Abstract
The ability to estimate the perceptual error between images is an important problem in computer vision with many
applications. Although it has been studied extensively, however, no method currently exists that can robustly predict
visual differences like humans. Some previous approaches
used hand-coded models, but they fail to model the complexity of the human visual system. Others used machine learning to train models on human-labeled datasets, but creating
large, high-quality datasets is difficult because people are
unable to assign consistent error labels to distorted images.
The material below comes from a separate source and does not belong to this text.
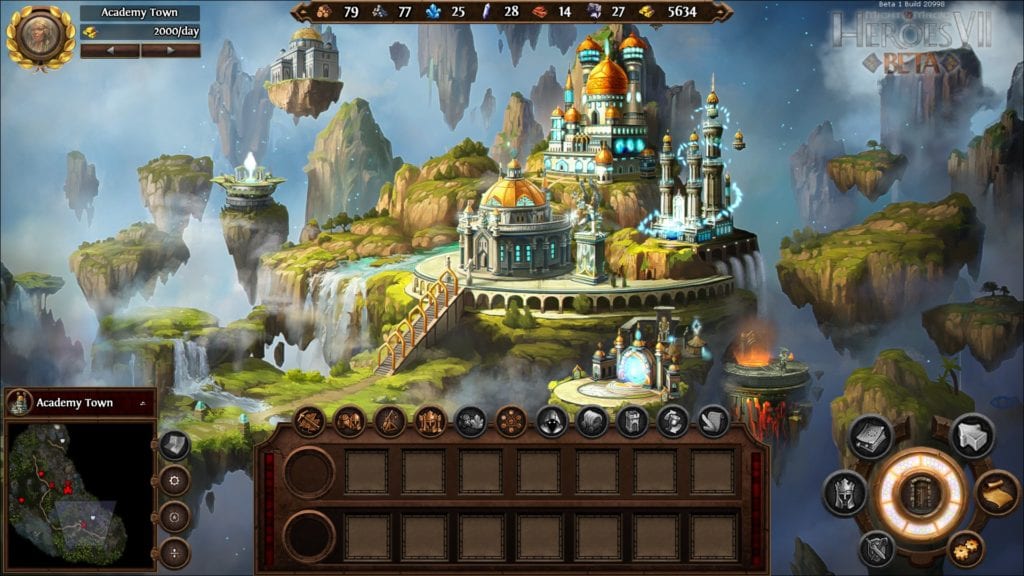 In this Might & Magic Heroes VII closed beta (which ran for just a couple of weeks and finished during E3,) there were just two Skirmish mode maps on offer: a 1v1, and a four player tussle. None of the single player campaign stuff was present, and only two of the six factions (Haven and Academy) were available to play. It was pretty focused on the basic structures of the game.

In this paper, we present a new learning-based method that
is the first to predict perceptual image error like human observers. Since it is much easier for people to compare two
given images and identify the one more similar to a reference than to assign quality scores to each, we propose a
new, large-scale dataset labeled with the probability that
humans will prefer one image over another. We then train
a deep-learning model using a novel, pairwise-learning
framework to predict the preference of one distorted image over the other. Our key observation is that our trained
network can then be used separately with only one distorted
image and a reference to predict its perceptual error, without ever being trained on explicit human perceptual-error
labels. The perceptual error estimated by our new metric,
PieAPP, is well-correlated with human opinion. Furthermore, it significantly outperforms existing algorithms, beating the state-of-the-art by almost 3× on our test set in terms
of binary error rate, while also generalizing to new kinds of
distortions, unlike previous learning-based methods